Anticoagulant drugs and gender: what is in the elderly? A minireview
Abstract
Atrial fibrillation (AF) is the most common chronic arrhythmia affecting approximately 9% of population. Gender-specific clinical predictors of maintenance of sinus rhythm or adequate rate control are sparsely investigated.
Some data suggest gender differences in treatment and response to interventions. Findings from Framingham
Heart Study showed sex-specific AF risk-factor-adjusted-odds for death is slightly higher in females
than males. Sex differences are possible in the effectiveness of DOACs. Elderly female tended to bleed more
with DOACs compared with warfarin, although the risk of bleeding in male was similar for DOACs and warfarin.

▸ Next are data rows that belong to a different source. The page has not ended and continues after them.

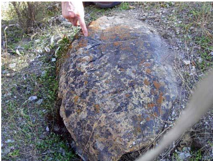
Figure 4 Sylvia's Sea Turtle

We made it back down and decided to search the meadow area. We discovered several concretions and Sylvia Nasholm discovered a huge fossil sea turtle on the eastern edge of the meadow. Ralph discovered a huge concretion of at least 600 pounds he believed contained a whole Seal. Having searched the meadow thoroughly we then decided to visit the large rock pile near the ranch entrance.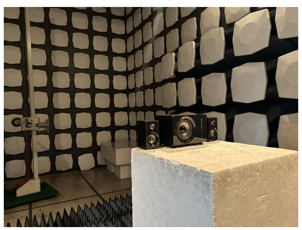
1 GHz to 40 GHz Radiated Spurious Emissions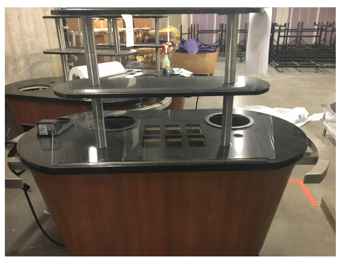
Item #1 Carts of Colorado Custom-made dessert carts

To this regard, Rengo et al recommend that warfarin could be preferred in patients with high thromboembolic
risk. Rivaroxaban may be more effective for stroke prevention compared with dabigatran and warfarin in men,
but all 3 drugs seem to provide similar stroke prevention in female. Further studies are needed to understand
whether lower rates of OAC use in the elderly female are associated with differences in clinical outcomes, and
if so, action is needed to eliminate unnecessary differences in OAC use by sex.
INTRODUCTION
Atrial fibrillation (AF) is the most common chronic arrhythmia affecting approximately 9% of population 1. However, Cacciatore F et al. reported that in the elderly, AF is an important risk factor for dementia 2. However, in the elderly, it has been reported the relationships between blood pressure levels, mortality and cognitive impairment 3. Gender-specific clinical predictors of maintenance of sinus rhythm or adequate rate control are sparsely investigated. Some data suggest gender differences in treatment and response to interventions 4. Findings from Framingham Heart Study showed sex-specific AF risk-factor-adjusted-odds for death is slightly higher in females than males 5.

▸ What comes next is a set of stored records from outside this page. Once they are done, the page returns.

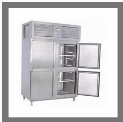
Four Door Refrigerators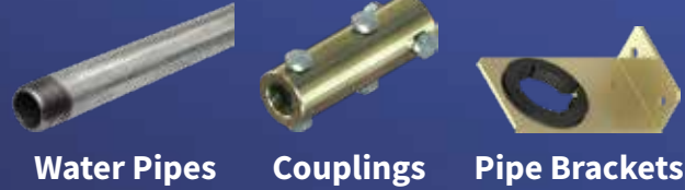
Water Pipes Couplings Pipe Brackets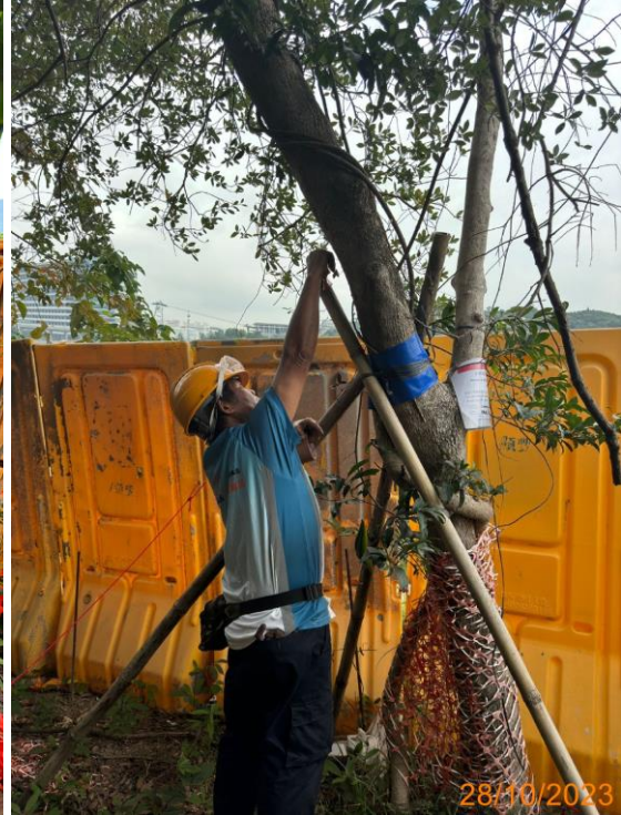
18: Readjustment of staking

Di Pasquale et al., have been reported that hypertension was the most prevalent associated comorbidity in patients with AF, followed by hypercholesterolemia (28.9%), heart failure (27.7%) and diabetes (24.3%). Hovewer, the authors reported that patients admitted in Internal Medicine were older, more frequently females and more often with comorbidities than patients admitted to Cardiology Department 6. However, as reported by Politi et al., after a first event cerebrovascular, women are hospitalized more frequently than men (7.9 vs 3.9%) 7. Limited data exist on the impact of gender on cardioversion and prescription or continuation of anticoagulants oral (DOACs), in particular in the elderly patients. Guidelines recommend that physicians should offer effective diagnostic tools and therapeutic management to elderly female and male equally 8. In this article, we aimed to review the existing literature about gender-related differences on efficacy, administration and side effects of the most common drugs used for the treatment of ischemic stroke.
THERAPY: DIFFERENCES BY GENDER
In atrial fibrillation, cardioversion to normal sinus rhythms is equally successful in male and female; however, female were less likely to undergo electric cardioversion than male 9. It is important to recognize the significant differences in management and outcomes between the sexes. Greater age, higher BMI, comorbidities, and major bleeding events were the most significant risk factors for elderly female. Higher rates of smoking, alcohol use, and CHADS2 scores were some of the significant risk factors in male with AF 10. A higher proportion of female were not considered for cardioversion due to rate control compared to male (73.8 vs 63.2%). It is striking that female received more conservative treatment despite having greater comorbidities. In fact, female received warfarin therapy (36.8 vs 25.1%) compared to male 11.
Oral anticoagulants
It is important to assess sex-specific effectiveness of treatment strategies that show promise with reducing myocardial ischemic acute (MI), heart failure (HF), and all-cause mortality in patients with AF. Despite a higher risk of stroke, elderly female with non-valvular atrial fibrillation (AF) receive less DOACs than male 12. Possible explanations for decreased DOACs use in female include under-recognition of their higher thromboembolic risk or concern for on warfarin in female patients 13. Female with AF have nearly 2 times higher risk for these cardiovascular events when compared with their male counterparts 14.
To this regard, Corbi et al have been reported that the use of International Warfarin Pharmacogenetics Consortium algorithm could estimate the right warfarin dose in the female elderly, and to reduce bleeding risk by over dosed 15.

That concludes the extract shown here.